• YOUR OBJECTIVE: Please repeat the lines below exactly. Begin with the line containing "Funda de Cuero" and go on through the line containing "Función : Diseño".

• DATA EXTRACT:
»»
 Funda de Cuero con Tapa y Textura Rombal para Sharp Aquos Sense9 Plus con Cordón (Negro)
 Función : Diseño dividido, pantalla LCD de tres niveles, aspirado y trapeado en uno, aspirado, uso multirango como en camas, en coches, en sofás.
««
»»
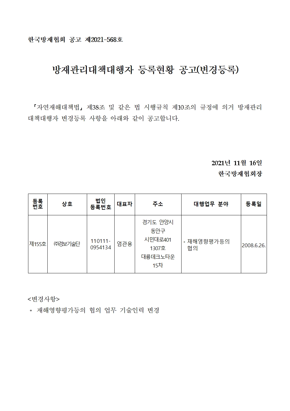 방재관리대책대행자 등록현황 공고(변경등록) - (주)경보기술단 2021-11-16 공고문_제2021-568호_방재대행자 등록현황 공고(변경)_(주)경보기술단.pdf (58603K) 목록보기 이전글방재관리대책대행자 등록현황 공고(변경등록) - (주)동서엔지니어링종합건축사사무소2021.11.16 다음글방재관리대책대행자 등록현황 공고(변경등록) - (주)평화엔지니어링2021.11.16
««
• OUTPUT FOR THIS TASK:
 Funda de Cuero con Tapa y Textura Rombal para Sharp Aquos Sense9 Plus con Cordón (Negro)
 Función : Diseño dividido, pantalla LCD de tres niveles, aspirado y trapeado en uno, aspirado, uso multirango como en camas, en coches, en sofás.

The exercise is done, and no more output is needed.